L’année s’annonçait mal. Au moment des semailles d’hiver, la pluie avait détrempé la terre et transformé les chemins arabes, sentiers ardus et sinueux, en torrents. En effet, malgré le poids si lourd des impôts arabes, les douars sont dépourvus de voies de communication, et rien n’est fait pour leur commodité, leur développement ou leur salubrité. Le fellah déshérité paye et se tait.
Les terres de la fraction des Rabta sont pauvres, épuisées encore par la mauvaise culture, sans engrais, jamais. La brousse voisine les envahit.
Le pain noir et le maâch, le gros couscous grossier, menaçaient de manquer cette année ; l’impôt serait bien difficile à payer ; et une plainte sourde, un cri d’angoisse commençait de monter des collines et des vallées.
Il n’y avait cependant pas de révolte dans les attitudes et les discours des fellah. Ils avaient toujours été pauvres. Leur terre avait toujours été dure et pierreuse et il y avait toujours eu un beylik auquel il fallait payer l’impôt. D’un âge d’or les Bédouins ne gardaient aucune ressouvenance.
Ils vivaient de brèves espérances, en des attentes d’événements prochains, devant apporter un peu de bien-être au gourbi : Si Dieu le veut, la récolte serait bonne… ou bien, les veaux et les agneaux se vendraient bien et un peu d’argent rentrerait. Tout cela, même en mettant les choses au mieux, ne changeait rien au cours éternellement semblable de la vie du douar. Mais cela faisait passer le temps et supporter la misère.
Le Bédouin est chicanier et processif de sa nature. Il considère comme une nécessité de la vie, presque comme un honneur, d’avoir des procès en cours, de mêler les autorités à ses affaires, même privées. Mohammed Aïchouba et son frère Mahdjoub avaient plusieurs fois soumis leurs différends au caïd et même à l’administrateur, continuant cependant de vivre ensemble…
Au gourbi, c’était Aouda, l’aînée des deux femmes de Mohammed, qui suscitait les querelles. Verbeuse et acariâtre, elle éprouvait le besoin incessant de se disputer et de crier, de rapporter des uns aux autres les propos entendus, habilement surpris. Quand les disputes dépassaient un peu le degré ordinaire, Mohammed prenait une matraque et frappait sa femme, à tour de bras, mettant fin aux querelles, pour quelques heures. Mais la ruse et la méchanceté d’Aouda n’avaient pas de bornes. Elle en voulait surtout à Lalia, la jeune femme de son mari, douce créature, jolie et à peine nubile, qui se taisait, supportant toutes les vexations d’Aouda et allant jusqu’à l’appeler lella (madame).

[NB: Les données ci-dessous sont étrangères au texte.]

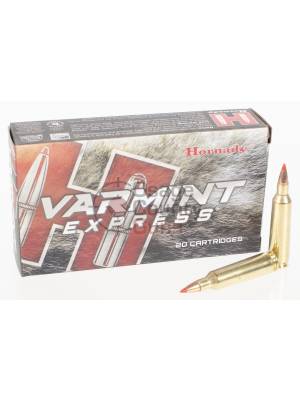 Hornady® Varmint Express® ammunition is designed around the hard-hitting performance of our famous V-MAX® bullet. Polymer tipped V-MAX® bullets deliver match accuracy, high ballistic coefficients, wind defying trajectories, and rapid fragmentation upon contact. Each Varmint Express® offering is loaded with high quality cases and carefully selected propellant and primers that are chosen to provide the best performance in each individual load.
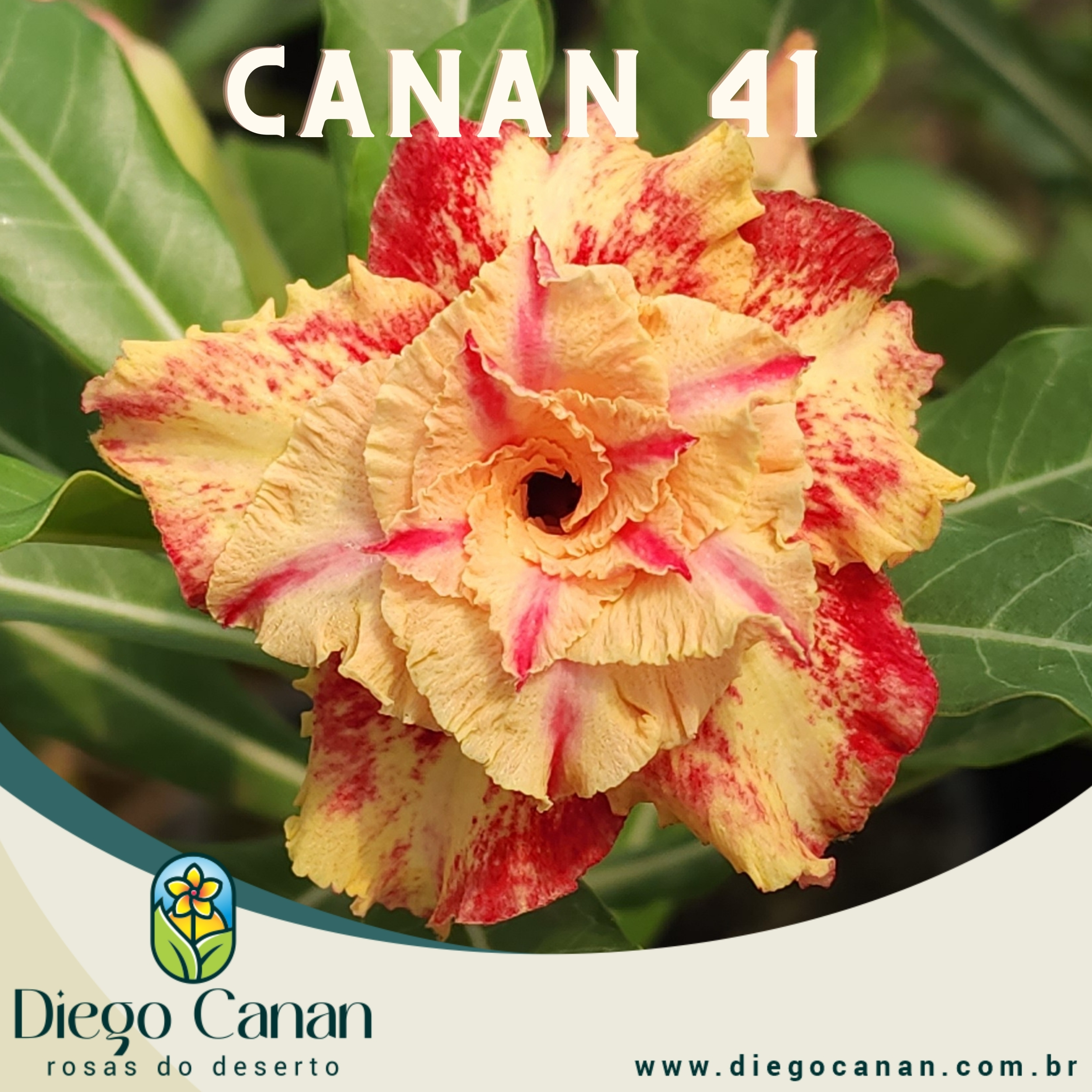 Enxerto da cor CANAN 41, uma flor tripla, cor vermelha na primeira camada com mesclas amarelas, segunda e terceira seguindo um tom amarelo meclada em tom rosa, lembra muito uma chama de fogo, ótima para fazer enxertos. excelentes resultados em polinizações.

Mohammed, sans tendresse apparente, avait pourtant un faible pour Lalia et il ne revenait jamais du marché sans rapporter un cadeau quelconque à sa nouvelle épouse, augmentant encore la haine et la jalousie d’Aouda. Elle avait deux enfants, deux filles, et elle comptait sur cette maternité pour empêcher son mari de la répudier. Mais les filles étaient déjà assez grandes et Mammar, le favori de Mohammed, était le fils de Khadidja, la première femme de Mohammed, qui était morte. Les liens qui attachaient Mohammed à Aouda étaient donc bien faibles.
Comme il est d’usage chez les Berbères de la montagne, les parents d’Aouda l’excitaient encore contre son mari pour provoquer un divorce venant de lui, car alors il perdait le sedak, la rançon de sa femme, que les parents remariaient ensuite, touchant une autre somme d’argent.
Mohammed, son labourage fini, mesura le grain et son cœur se serra en voyant qu’il n’en avait pas assez pour ensemencer. Il lui en manquait pour une quinzaine de francs. Où prendre cet argent ? Irait-il, comme les années précédentes, s’adresser à M. Faguet, ou aux Kabyles habitant les « centres » de Montenotte et de Cavaignac ? A l’un comme aux autres, il devait déjà plusieurs centaines de francs. Son champ et le troupeau de Mahdjoub servaient de garantie.